Entangled Sensor-Networks for Dark-Matter Searches

The hypothetical axion particle (of unknown mass) is a leading candidate for dark matter (DM). Many experiments search for axions with microwave cavities, where an axion may convert into a cavity photon, leading to a feeble excess in the output power of the cavity. Recent work [Backes et al., Nature 590, 238 (2021)] has demonstrated that injecting squeezed vacuum into the cavity can substantially accelerate the axion search. Here, we go beyond and provide a theoretical framework to leverage the benefits of quantum squeezing in a network setting consisting of many sensor cavities. By forming a local sensor network, the signals among the cavities can be combined coherently to boost the axion search. Furthermore, injecting multipartite entanglement across the cavities-generated by splitting a squeezed vacuum-enables a global noise reduction. We explore the performance advantage of such a local, entangled sensor network, which enjoys both coherence between the axion signals and entanglement between the sensors. Our analyses are pertinent to next-generation DM-axion searches aiming to leverage a network of sensors and quantum resources in an optimal way. Finally, we assess the possibility of using a more exotic quantum state, the Gottesman-Kitaev-Preskill (GKP) state.

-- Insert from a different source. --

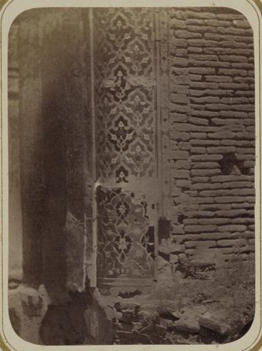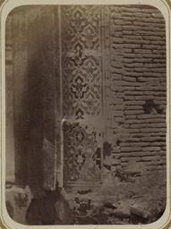 | Keywords: Antiquities of Samarkand. Mausoleum of the Emir Timur Kuragan (Gur-Emir). Part of a Corner Column of the Facade WDL3716.png Artwork ru Богаевский иколай Владими ович 1843 1912 гг fr Bogaevskii Nikolaï V 1843-1912 en Bogaevskii Nikolai V 1843-1912 zh 亚历山大·L· ,1840-1888 年 pt Bogaevskii Nikolai V 1843-1912 ar بوغافسكي، نيكولاي ف ، 1843-1912 es Bogaevskii Nikolai V 1843-1912 ru Сама кандские д евности авзолей эми а Тиму а Ку агана Гу -Эми Часть угловой колонны фасада fr Antiquités de Samarcande Mausolée de l'émir Timour Kuragan Gour Emir Partie d'une colonne d'angle de la façade en Antiquities of Samarkand Mausoleum of the Emir Timur Kuragan Gur-Emir Part of a Corner Column of the Facade zh 撒马尔罕古迹 埃米尔帖 儿·库拉甘的陵墓(古尔-埃米尔) 立 角落的柱子的 部分 pt Antiguidades de Samarcanda Mausoléu de Tamerlão Gur-Emir Parte de uma coluna de canto da fachada ar آثار سمرقند ضريح الأمير تيمور كوراغان گورِ أمير جزء من أحد أعمدة أركان الواجهة ru Эта фотог афия элемента фасада мавзолея Гу -Эми в Сама канде Узбекистан соде жится в а хеологической части <em> Ту кестанского альбома </em> Шеститомное фотог афическое исследование было п оведено в 1871 1872 гг под уководством гене ала Константина П фон Кауфмана пе вого гене ал-губе нато а 1867 1882 гг Ту кестана как называли те ито ию Цент альной Азии п инадлежавшую Российской импе ии В альбоме уделяется особое внимание исламскому а хитекту ному наследию Сама канда включая Гу -Эми на пе сидском языке означает г обница повелителя Гу -Эми известен в пе вую оче едь как место захо онения Тиму а Таме лана хотя Тиму начал его ст оительство еще в 1403 г в память своего любимого внука ухаммада Султана уме шего в воз асте 27 лет а момент сме ти Тиму а в 1405 г г обница еще не была заве шена После его похо он Гу -Эми стал мавзолеем Тиму идов Здесь показан сегмент многоцветной ке амической колонны асположенной на углу по всей видимости севе ного фасада есмот я на пов еждения пове хности стены на колонне видны изысканные цветочные а абески в основе кото ых лежат четы ехлистные омбы связанные между собой изящными завитками Каждый четы ехлистник имеет т и цветка кото ые начинаются в основе венка Слева неясно азличима покатая стена ниши <em>iwan </em> сводчатый зал с одним отк ытым концом ок уженный с т ех сто он стенами также пок ытая ке амикой <br>А хитекту ные ук ашения и деко ативные элементы; Исламская а хитекту а; Фотог афические исследования; огильные памятники; Тиму 1336-1405 гг ; Г обницы fr Cette photographie d'un détail de façade du mausolée de Gour Emir à Samarcande Ouzbékistan est extraite de l'ouvrage archéologique <em>Album du Turkestan</em> Cet inventaire photographique en six volumes fut réalisé entre 1871 et 1872 sous le patronage du général Konstantin P von Kaufman premier gouverneur général 1867-1882 du Turkestan nom donné aux territoires d'Asie centrale de l'Empire russe L'album consacre une attention particulière à l'héritage de l'architecture islamique de Samarcande notamment Gour Emir « tombe du souverain » en persan Bien qu'il soit principalement connu comme le lieu de sépulture de Tamerlan Gour Emir fut commencé sous Tamerlan en 1403 pour commémorer la mort de son petit-fils bien-aimé le sultan Mahomet à l'âge de 27 ans Le sanctuaire n'était toujours pas achevé lorsque Tamerlan décéda en 1405 Avec son enterrement Gour Emir devint le mausolée des Timourides Cette photographie présente un segment d'une colonne de céramique polychrome fixée à un angle vraisemblablement de la façade nord Malgré les dommages sur la surface du mur la colonne présente une arabesque à fleurs raffinée formant un motif de losanges quadrilobés reliés par des vrilles sophistiquées Chaque quadrilobe contient trois fleurs émergeant d'une base de couronne gauche à peine visible le mur en retrait de la niche de l'<em>aivan </em> salle voûtée dotée de trois murs et d'un côté ouvert est également recouvert de céramique <br>Décorations et ornements architecturaux; Architecture islamique; Inventaires photographiques; Monuments funéraires; Tamerlan 1336-1405; Tombes en This photograph of a facade detail at the Gur-Emir mausoleum in Samarkand Uzbekistan is from the archeological part of <em>Turkestan Album</em> The six-volume photographic survey was produced in 1871-72 under the patronage of General Konstantin P von Kaufman the first governor-general 1867-82 of Turkestan as the Russian Empire s Central Asian territories were called The album devotes special attention to Samarkand s Islamic architectural heritage including Gur-Emir P

Despite a constant-factor improvement in the scan time relative to a single-mode squeezed state in the ideal case, the advantage of employing a GKP state disappears when a practical measurement scheme is considered.

Automated summary

This study demonstrates the potential of injecting squeezed vacuum into a network of sensor cavities to accelerate axion searches and provides a theoretical framework to optimize the search using quantum entanglement and coherence. The feasibility of using GKP states is also evaluated, highlighting the limitations in practical measurement schemes.